SUA was 0.10 mmol.L⁻¹higher in boys compared to girls (95%CI 0.08, 0.12; p = 0.001) and was higher than the gender-specific cut-off points for hyperuricemia [39] in 55% of the boys (>0.42 mmol·L⁻¹) and 30% (>0.36 mmol·L⁻¹) of the girls.

There were strong positive associations between SUA and all anthropometric measurements: weight z score (r = 0.453, 95% CI [0.345, 0.552], p = 0.001), height z score (r = 0.197, 95% CI [0.060, 0.330], p = 0.005) and BMI z score (r = 0.373, 95% CI [0.265, 0.480], p = 0.001). Adjusted for gender and age, SUA was positively related to weight (r = 0.500, 95% CI [0.395, 0.595], p = 0.001), height (r = 0.224, 95% CI [0.078, 0.351], p = 0.002), BMI (r = 0.484, 95% CI [0.381, 0.588], p = 0.001), waist (r = 0.502, p = 0.001, 95% CI [0.401, 0.597]), waist-to-height ratio (r = 0.478, 95% CI [0.376, 0.587], p = 0.001), FM (r = 0.476, 95% CI [0.365, 0.583], p = 0.001), FFM (r = 0.454, 95% CI [0.351, 0.547], p = 0.001), and ASMM (r = 0.469, 95% CI [0.383, 0.562], p = 0.001).

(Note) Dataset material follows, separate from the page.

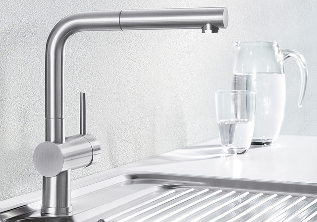 Generally speaking, our mixer taps are easy-care and hygienic. This is thanks to their smooth surface, which allows hardly any dirt to settle on it. However, mixer taps do benefit from regularly cleaning. It doesn’t take much effort, but it needs to be done frequently. Take a mild cleaning agent and go over the mixer taps a few times with the soft side of a sponge. Now rub them dry with a microfibre cloth, and you’ll see that your mixer taps are back to being a stand-out feature of your kitchen once again, in just a few simple steps.

With the intake of sugar-containing food groups, the only meaningful correlation with SUA was for sugary drink intake (r = 0.154, 95% CI [0.016, 0.287], p = 0.029). Overall, 43% of girls and 57% of boys consumed ‘sugary drinks’ twice or more a day. The mean BMI z scores of these youth (n = 111) was 1.47 (SD = 0.937), with 26% having normal weight while 74% were classified as either overweight or obese (31% and 43%, respectively). In contrast, youth consuming sugary drinks less than twice a day (n = 93) had a mean BMI z score of 1.50 (SD= 0.806), 27% of whom were classified as normal weight, and 73% of whom were either overweight (35%) or obese (38%). Daily consumption of ‘sugary drinks’ was not associated with BMI (p = 0.813) or weight (p = 0.069), or by BMI cut-off categories (χ² = [df = 370, n = 204], p = 0.403). Youth (n = 126) who consumed a minimum of one item from each of the five food categories (Supplementary Table S1) had a mean BMI z score of 2.00 (SD = 1.22).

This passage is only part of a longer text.